The Blue Girl: Or, why Talking to Ghosts Can Be a Bad Idea

Charles De Lint is probably my third favorite writer (after Neil Gaiman and Terry Pratchett), so I was expecting to like this book, a young adult novel set (as most of De Lint's fiction is) in the fictional city of Newford. And I wasn't disappointed.

"The Blue Girl" concerns the adventures of Imogene Yeck, a high school aged girl who's just moved to Newford with her older brother and mother. Imogene has always had a bit of an independant streak to her, and in fact at her old high school was a bit of a juvenile delinquent. However, she's decided to reform herself and shape up, while still keeping the attitude to always be herself.

This is why she approaches the shy and alienated Maxine on her first day at Redding High School, hoping to find a kindred spirit. To her joy, she does, discovering an intelligent, driven, and caring young woman who's basically retreated inside herself thanks to a tyrannical mother and constant bullying by your typical assholish cheerleaders and jocks. Through Imogene, Maxine is able to gain an example in how to always be proud of who she is, and to slowly but surely come out of her shell.

It was around this point that I was beginning to wonder if I had picked up a novel by another writer by mistake. This story was good, and I loved the way Imogene and Maxine played off each other, but it seemed odd having a Charles De Lint novel with so little supernatural content. However, at the introduction of the third viewpoint character (the story is told in alternating chapters from the viewpoints of its three leads), I found the supernatural elements I was looking for. The third main character is Adrian, a young boy who went to Imogene and Maxine's school several years before, who died mysteriously and now haunts the school. Imogene starts seeing him, and eventually gets him to tell her his story.

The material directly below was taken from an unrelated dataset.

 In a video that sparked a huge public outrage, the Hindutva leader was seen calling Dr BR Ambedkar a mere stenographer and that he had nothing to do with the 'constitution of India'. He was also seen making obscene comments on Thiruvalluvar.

Adrian, for whatever reason, discovered one day he could see the house fairies that inhabit the school. As they were comparatively nice to him, they became his friends, teaching him all sorts of things. It was during an ill-advised attempt to learn to fly that Adrian fell off the roof of the school and died, and he has haunted the school ever since.

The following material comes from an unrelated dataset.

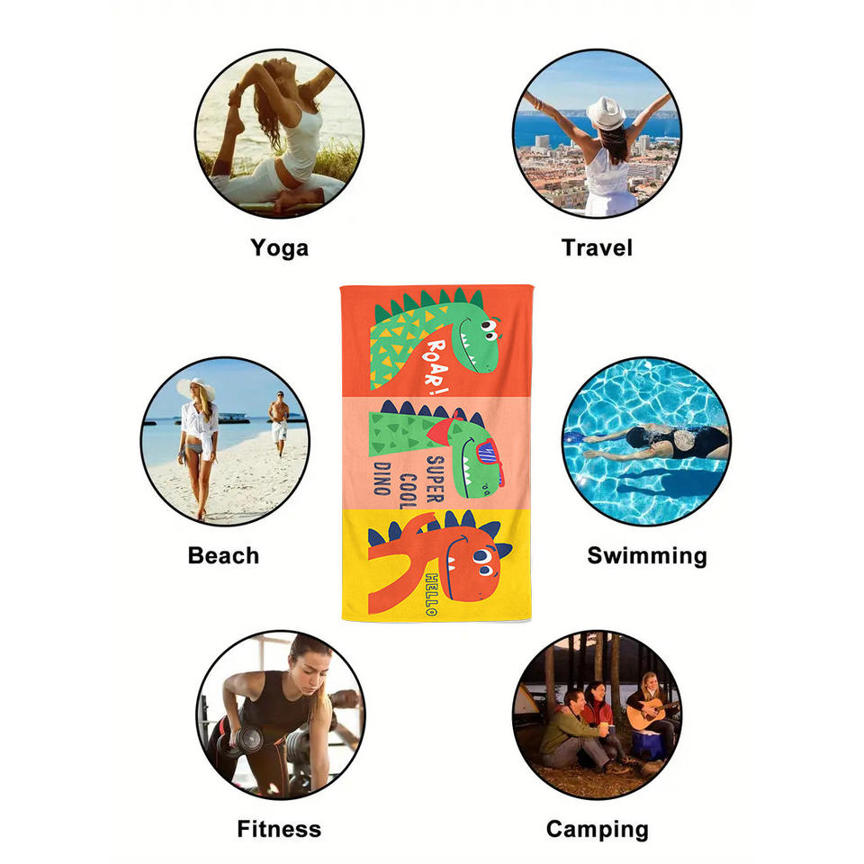FF4068 Patrón de dinosaurio Toalla de baño de piscina de viaje de secado rápido 80*160cm Toalla de playa de microfibra de gran tamaño sin arena

As Imogene can see Adrian but not the fairies, she disbelieves him. Wanting her to believe him, he asks the fairies to do something to allow her to see them. Unfortunately, whatever they do attracts the attention of more than just fairies, and soon Imogene is being threatened by some very dangerous entities that appear to be attracted to her like a beacon...

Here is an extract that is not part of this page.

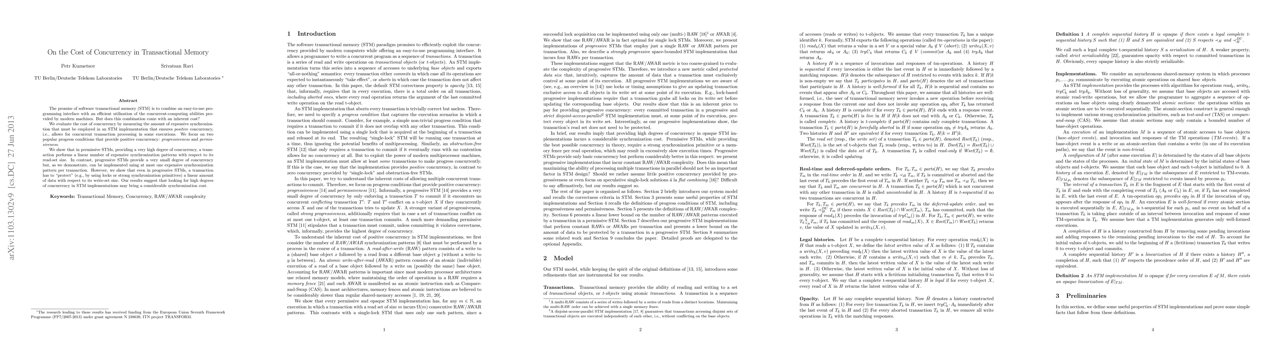 This paper evaluates the synchronization costs in software transactional memory (STM) implementations, finding that permissive STMs incur linear synchronization overhead with read-set size, while progressive STMs limit synchronization to one pattern per transaction but require protecting a linear amount of data based on the write-set size.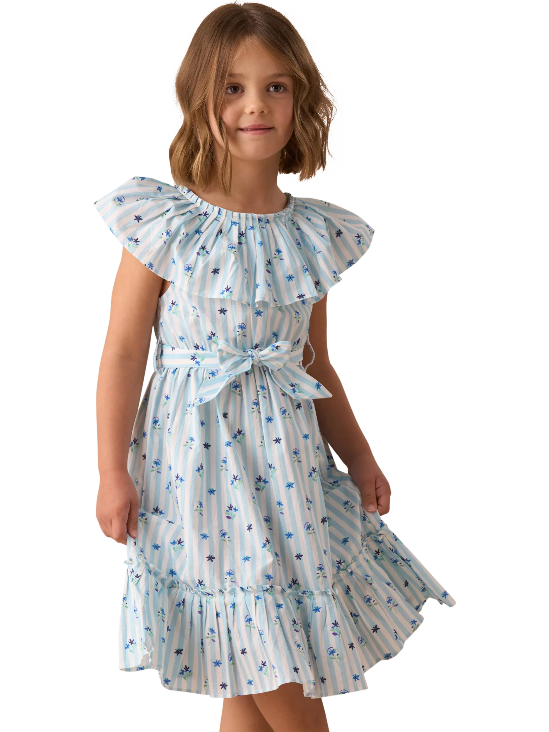 This dress features a beautiful all-over floral print on a fresh striped background with a pleated statement collar and tie-waist sash at the front.

Although this novel was slow to take off, once it did it was very good. As I mentioned, both Imogene and Maxine work very well together as characters, and they work well alone also. Both go through significant changes, and I loved getting into the minds of both of them. I want to see them in future Newford books, especially Maxine, whose career in Newford should prove interesting if it goes the way it looks it will at the end of the book. Pelly, Imogene's imaginary friend from when she was younger who suddenly starts appearing, very much real, is also a very interesting character who turns out to be much more complex than he initially appears, and although we don't get enough focus on him in the novel (we're never even told exactly what he is), what we do get is very interesting. Adrian as a character is significantly weaker, possibly because he's not supposed to be as sympathetic as the others, and I found him signifcantly harder to like. He's so pathetic, makes so many bad decisions, and in general is such an imperfect character that I did not look forward to his chapters as much as I did the other two viewpoint characters.

This book's main problem is that there is too much going on. There are ghosts, and angels (not literal angels, but dead people who have postponed their own passing on to help those dead who are floundering, who refuse to pass on), and the dark creatures which make up the main antagonists of the novel, and fairies, and whatever Pelly is. It all gets rather overstuffed, and that's not even dealing with subplots involving both heroines' romantic prospects, or Maxine's mother, or Imogene's past. Although what we got was good, sometimes bits of it distracted from other bits.

However, it was a good story, with a climax that had me on the edge of my seat, and warm characters that i really wanted to get to know. I most definitely loved it, and I would suggest it to any Newford fans out there, as well as anyone who wants a good story with solid characters. Read it if you see it!